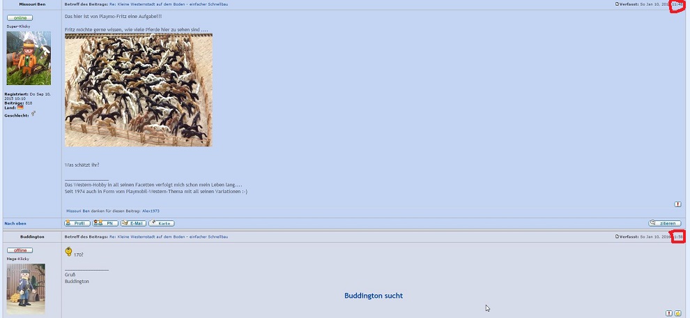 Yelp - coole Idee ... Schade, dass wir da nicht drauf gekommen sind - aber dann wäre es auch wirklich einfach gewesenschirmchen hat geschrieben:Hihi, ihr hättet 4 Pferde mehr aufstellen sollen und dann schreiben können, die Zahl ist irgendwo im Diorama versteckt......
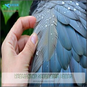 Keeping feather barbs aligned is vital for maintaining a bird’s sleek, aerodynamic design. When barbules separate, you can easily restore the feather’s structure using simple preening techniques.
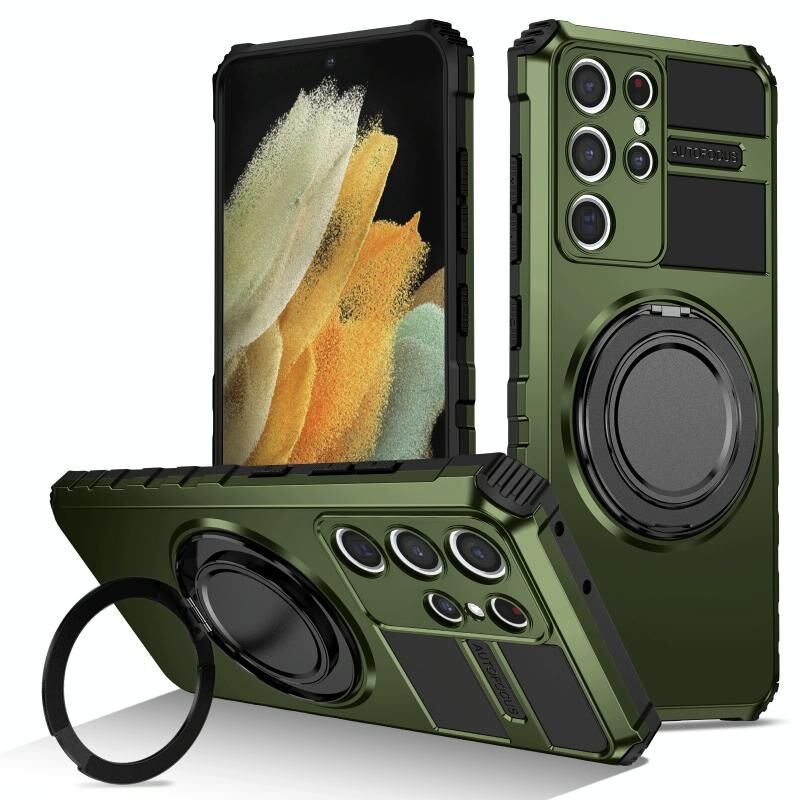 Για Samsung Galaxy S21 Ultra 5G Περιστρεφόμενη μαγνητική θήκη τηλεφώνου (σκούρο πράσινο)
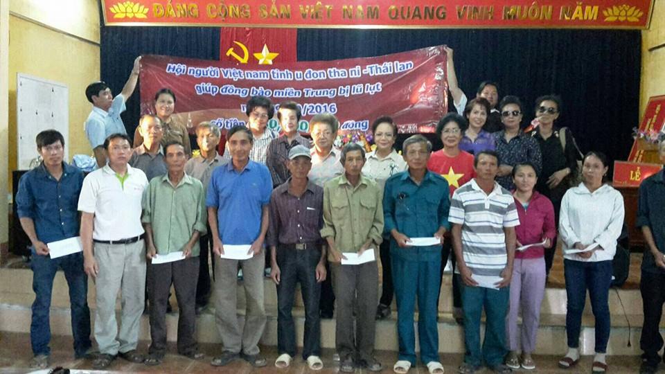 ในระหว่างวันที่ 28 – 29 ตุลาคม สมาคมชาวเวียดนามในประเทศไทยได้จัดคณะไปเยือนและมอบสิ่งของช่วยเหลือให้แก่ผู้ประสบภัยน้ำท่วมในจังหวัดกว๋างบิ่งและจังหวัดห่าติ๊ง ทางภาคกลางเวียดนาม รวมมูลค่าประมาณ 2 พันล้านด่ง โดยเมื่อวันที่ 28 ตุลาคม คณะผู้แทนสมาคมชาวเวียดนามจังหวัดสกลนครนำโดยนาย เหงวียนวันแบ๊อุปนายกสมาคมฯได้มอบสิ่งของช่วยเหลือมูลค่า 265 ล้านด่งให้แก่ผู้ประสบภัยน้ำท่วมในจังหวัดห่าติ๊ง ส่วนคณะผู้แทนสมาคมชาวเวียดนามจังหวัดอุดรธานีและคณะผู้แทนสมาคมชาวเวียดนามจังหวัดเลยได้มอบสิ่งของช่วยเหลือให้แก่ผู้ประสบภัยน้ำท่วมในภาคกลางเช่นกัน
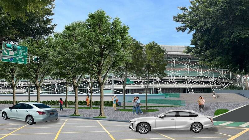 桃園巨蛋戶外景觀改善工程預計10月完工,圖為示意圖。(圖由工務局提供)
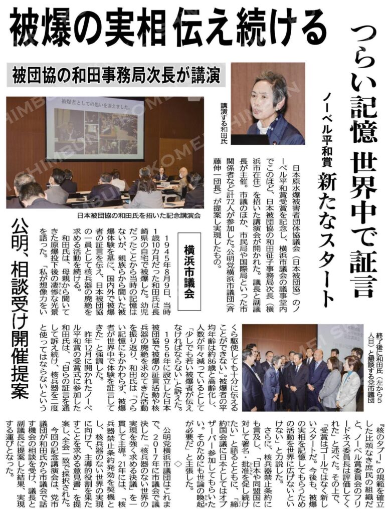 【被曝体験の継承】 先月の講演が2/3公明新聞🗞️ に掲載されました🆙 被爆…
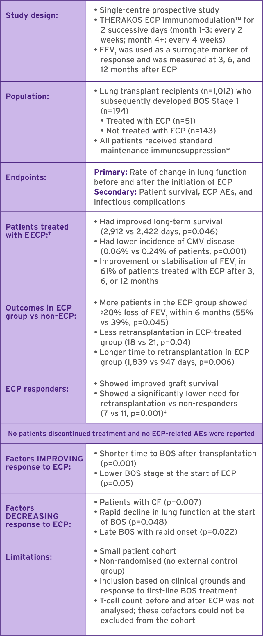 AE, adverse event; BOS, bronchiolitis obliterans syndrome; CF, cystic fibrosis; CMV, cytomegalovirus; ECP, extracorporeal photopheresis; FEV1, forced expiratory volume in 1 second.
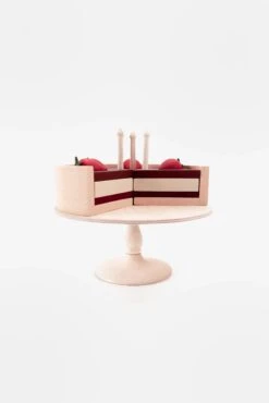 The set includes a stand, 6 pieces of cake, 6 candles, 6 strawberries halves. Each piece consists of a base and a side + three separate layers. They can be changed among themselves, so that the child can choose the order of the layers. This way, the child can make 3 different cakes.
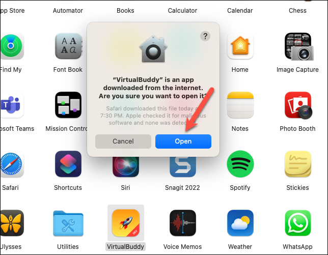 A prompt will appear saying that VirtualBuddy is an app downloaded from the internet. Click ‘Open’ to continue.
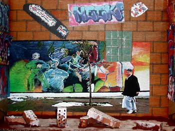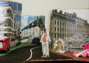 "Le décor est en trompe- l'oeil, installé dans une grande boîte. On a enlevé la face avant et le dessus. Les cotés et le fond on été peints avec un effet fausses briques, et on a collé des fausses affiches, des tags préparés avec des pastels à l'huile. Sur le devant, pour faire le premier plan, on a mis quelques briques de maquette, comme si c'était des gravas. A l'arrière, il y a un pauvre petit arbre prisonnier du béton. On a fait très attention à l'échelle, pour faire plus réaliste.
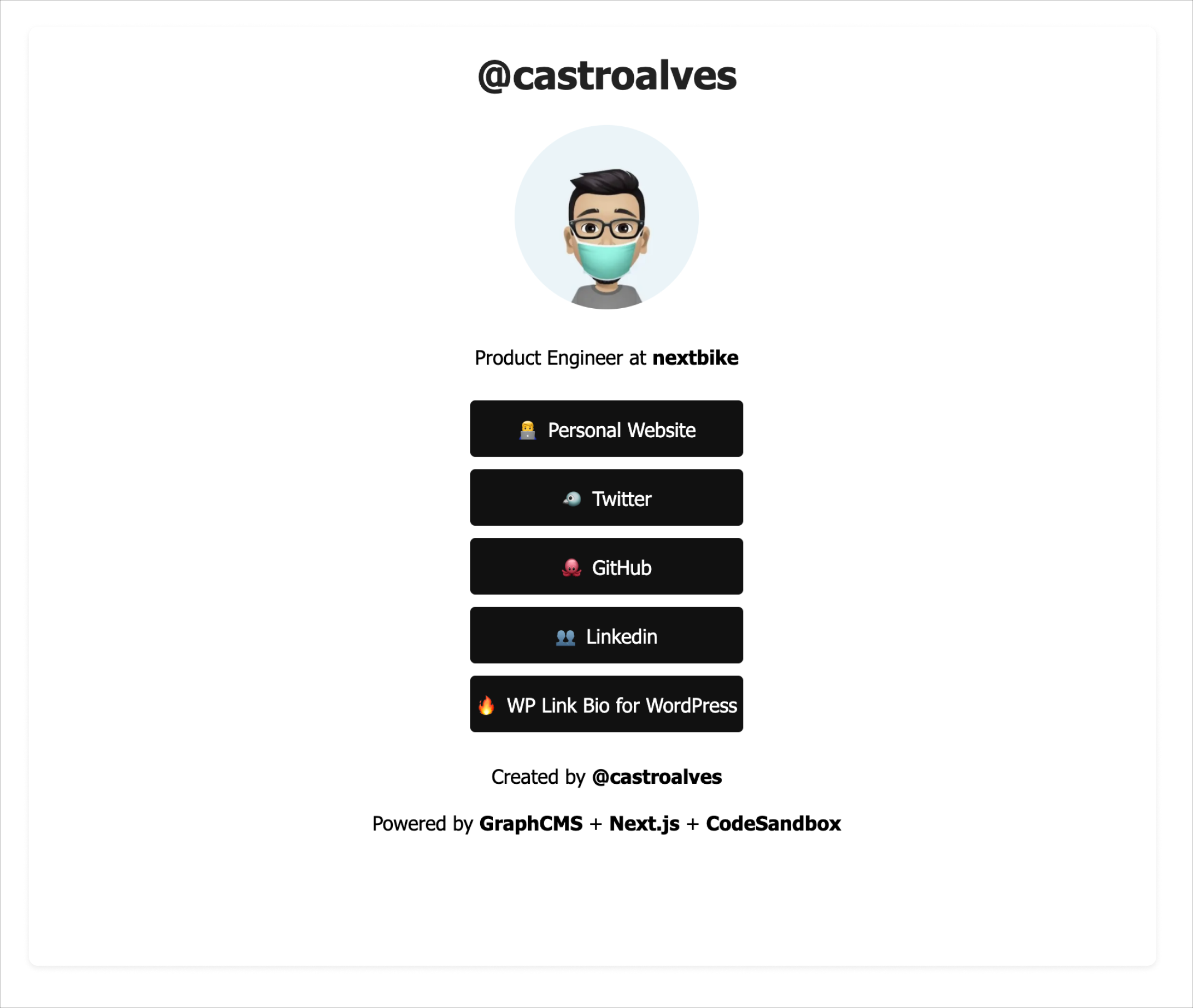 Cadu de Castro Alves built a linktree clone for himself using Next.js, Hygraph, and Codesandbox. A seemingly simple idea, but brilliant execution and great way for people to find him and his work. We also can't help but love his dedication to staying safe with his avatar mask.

------------------------------------

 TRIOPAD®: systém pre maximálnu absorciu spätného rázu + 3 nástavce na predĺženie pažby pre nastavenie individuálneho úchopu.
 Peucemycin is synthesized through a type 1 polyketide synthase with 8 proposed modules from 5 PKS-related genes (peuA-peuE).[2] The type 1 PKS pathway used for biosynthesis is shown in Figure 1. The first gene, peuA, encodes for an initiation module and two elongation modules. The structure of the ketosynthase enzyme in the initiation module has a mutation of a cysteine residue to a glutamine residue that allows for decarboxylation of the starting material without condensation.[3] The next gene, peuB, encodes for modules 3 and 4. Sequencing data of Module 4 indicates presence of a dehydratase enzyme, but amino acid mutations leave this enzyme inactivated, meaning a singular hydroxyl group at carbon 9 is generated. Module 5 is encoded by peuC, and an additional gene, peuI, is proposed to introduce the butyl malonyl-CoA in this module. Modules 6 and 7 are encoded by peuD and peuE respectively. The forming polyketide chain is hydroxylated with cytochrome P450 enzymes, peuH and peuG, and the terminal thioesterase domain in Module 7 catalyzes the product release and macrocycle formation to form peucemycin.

------------------------------------

> What is required: Print nothing but the lines above starting with the line that contains "Yelp - coole" and going on through the line that contains "Για Samsung Galaxy". Leave out the pictures.

> Solution to the exercise:
 Yelp - coole Idee ... Schade, dass wir da nicht drauf gekommen sind - aber dann wäre es auch wirklich einfach gewesenschirmchen hat geschrieben:Hihi, ihr hättet 4 Pferde mehr aufstellen sollen und dann schreiben können, die Zahl ist irgendwo im Diorama versteckt......
 Keeping feather barbs aligned is vital for maintaining a bird’s sleek, aerodynamic design. When barbules separate, you can easily restore the feather’s structure using simple preening techniques.
 Για Samsung Galaxy S21 Ultra 5G Περιστρεφόμενη μαγνητική θήκη τηλεφώνου (σκούρο πράσινο)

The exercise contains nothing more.